Second Opinion Magazine
Meet Your Yogini
I asked a girlfriend of mine today during a Skype date if she’d describe me and my teaching in six words or less. I heard her speak: intentional, intelligent, outside-the-box, creative, and kind. She acknowledged her first yoga class had been power yoga; it opened the door for her to this practice. She talked about how her practice has matured over the past few years: learning to honor her energy and body’s wisdom to follow a practice that fits her needs each day. Our friendship blossoms as we celebrate our unique, and very different, strengths. She loves spreadsheets, I crave spontaneous adventure. I like wearing multiple patterns or brown, black, and navy together; she prefers matching sets. Yet we get good belly laughs and satisfaction in our souls when we connect. She brings balance to my world—and stood by my side this year as I married Jason overlooking the vast, sacred space we call Lake Superior.

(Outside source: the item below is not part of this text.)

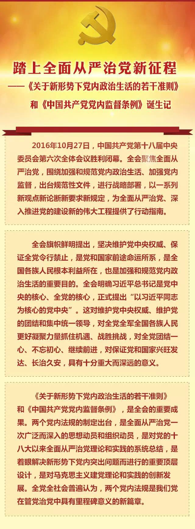 2016年2月,中央政治局作出决定,党的十八届六中全会专题研究全面从严治党问题,制定新形势下党内政治生活的若干准则,修订《中国共产党党内监督条例(试行)》,文件起草工作的大幕正式拉开。
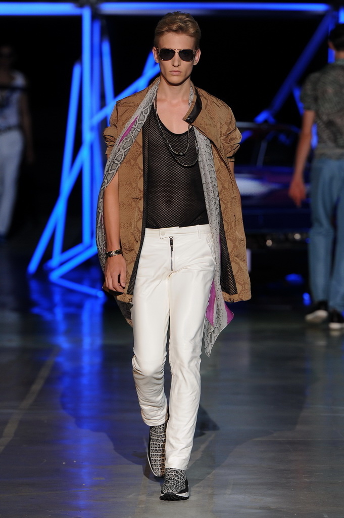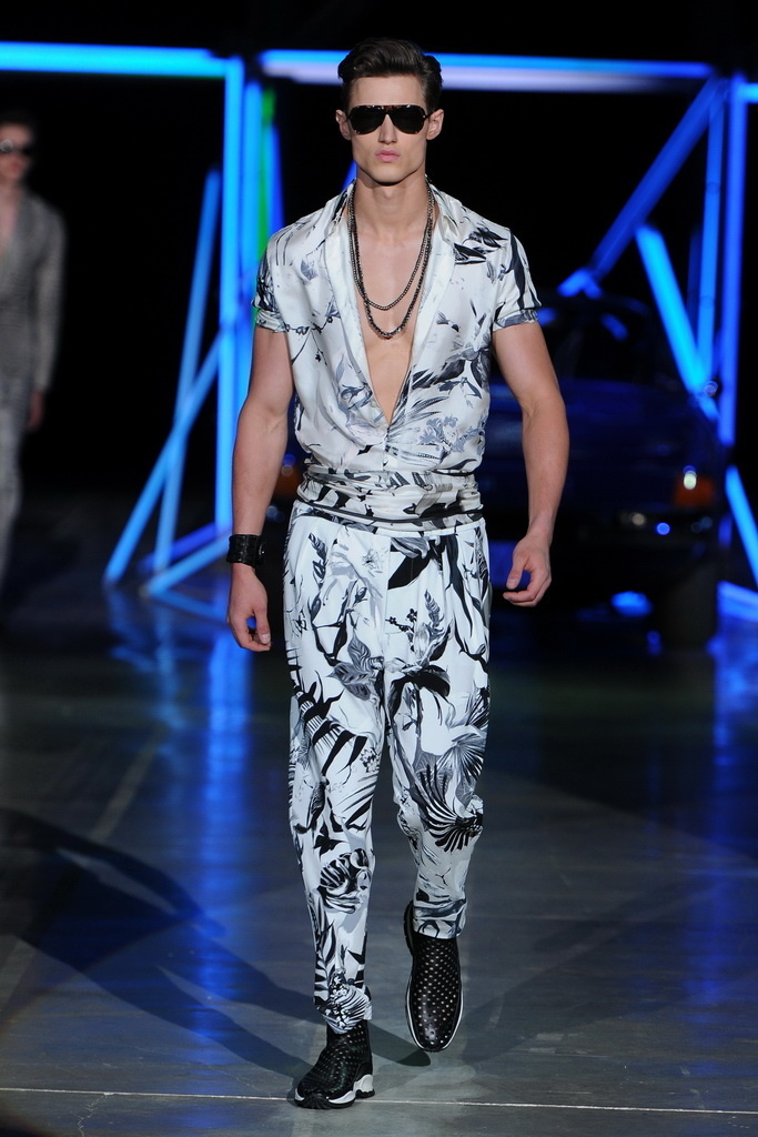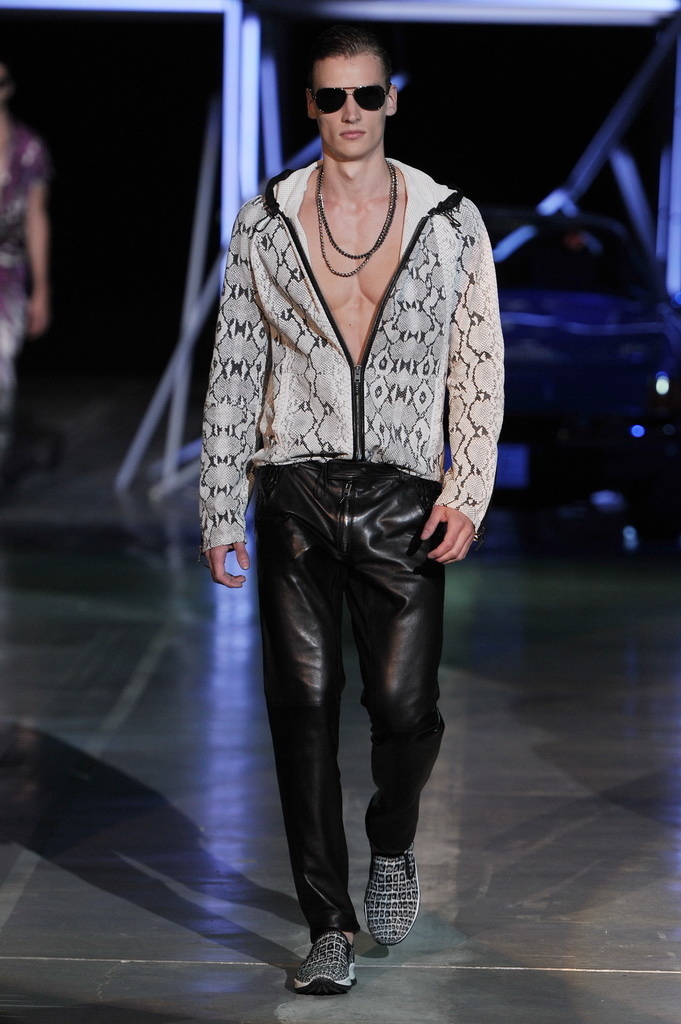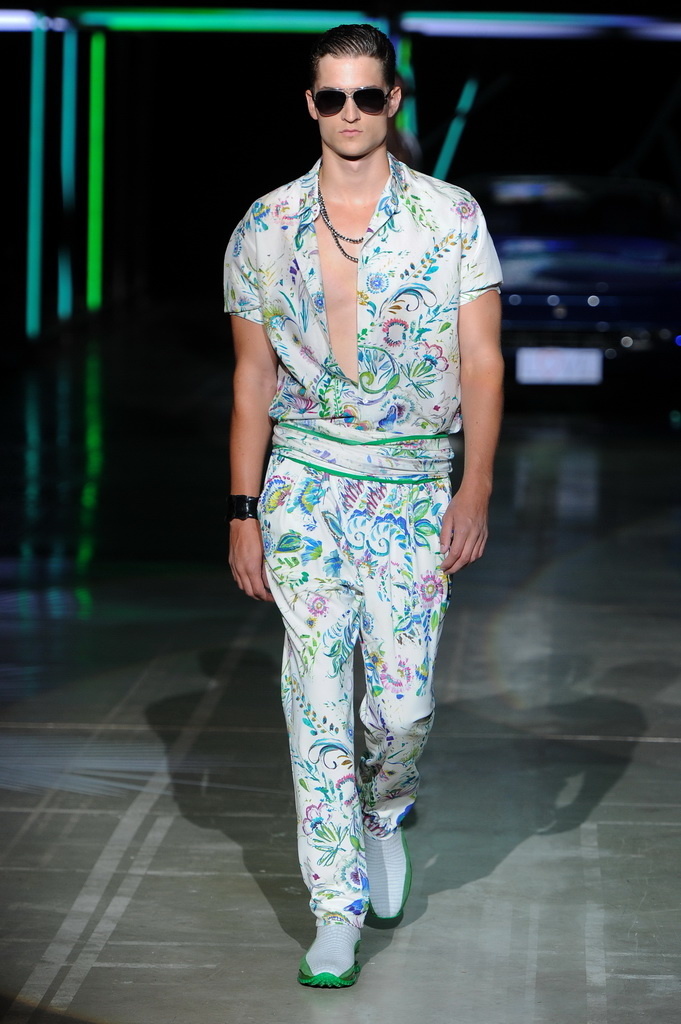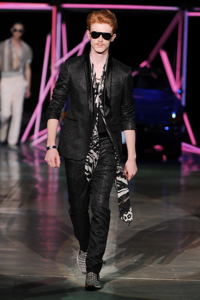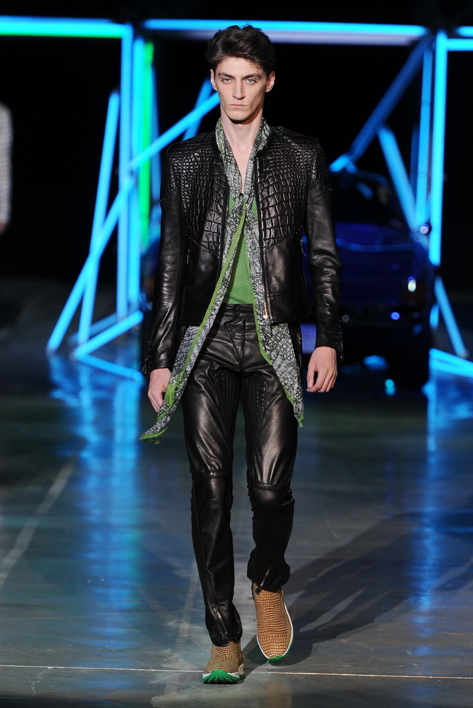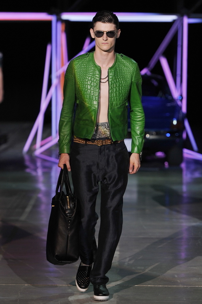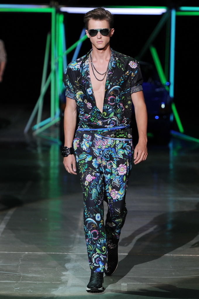 Parked at the root of the runway, Roberto Cavalli’s 1970 Ferrari Daytona left little doubt as to the personal nature of his spring/summer 15 collection. It’s the designer’s second season back on the Milan men’s show schedule, and the second season since he appointed Martyn Bal – formerly of Dior Homme, Versace, and Margiela – to oversee his menswear. Whatever it is, there seems to be a chemistry between the old Italian playboy and the young Dutch rock’n’roller, which shouldn’t really work on paper but completely works on the runway. At 73, Cavalli is feeling nostalgic and Bal is channelling his amazing legacy into a respectful modernisation of the aesthetic of the house he founded in 72.

I often hear Scott Anderson talk about Yoga as the unification of opposites. Through awareness and the gift of time, I’m learning and witnessing the moments of effortless balance between extremes, the middle path, union, the sweet connection of all things. Yoga practice, trail running, meditation, cooking, working out, relationships and love and change: these are all my teachers. Life is my practice. I feel as though my life is my business is my practice is my livelihood, all connected, intertwined. I wouldn’t have it any other way. I feel honored to guide people toward their birthrights of health, vitality, and happiness. I am blessed to guide others into more skillful awareness and action in their lives.
I danced in high school and had always been active (some might claim hyper-active) and motivated to move my body. I completed a BA in dance at UW–Stevens Point and knew since 2000 that I wanted to bring movement to the masses through teaching. When I started my business in 2007, I felt like I had come home. I love being an entrepreneur.
In some ways, yoga firmly found me. I had been referred by a colleague to take on a regular gig teaching yoga at Luther Hospital (now Mayo) in 2007 and thought to myself, “Well, I must practice and look into training.” I met with Sandra Helpsmeet in my baby-stages of developing a formal asana practice, and I remember her patience, always waiting for me to direct the experience. She introduced me to my now-mentor-and-friend, Donna Farhi. With decisiveness and a feeling of divine appointment, I went to New Zealand to train with Donna Farhi in January 2010, and have assisted her in Seattle, Austin, and Albuquerque. I often claim I am not a yoga purist; it is one of many ways we can become attuned to our authentic self and one way to open the door to understanding our body. My other primary mentor is Eric Franklin, creator of The Franklin Method, who challenges me to bring science and art together in my teaching with greater simplicity. In December 2013, I celebrated my thirteenth year of teaching. Such. Abundant. Gratitude.
I want to know what you practice on a daily basis (and I’m talking about more than asanas, or yoga poses.) Teaching awareness and embodiment is my dharma, my purpose. Really, it’s about loving life. Donna Farhi explains that through yoga “we practice nothing more than becoming a human being. Learning to be a human being is a life-long process. We can ask ourselves [this question]: Who am I becoming through this practice?”
My future goals (with yoga) in six words or less?
Write! Explore India. Surrender ego. Love.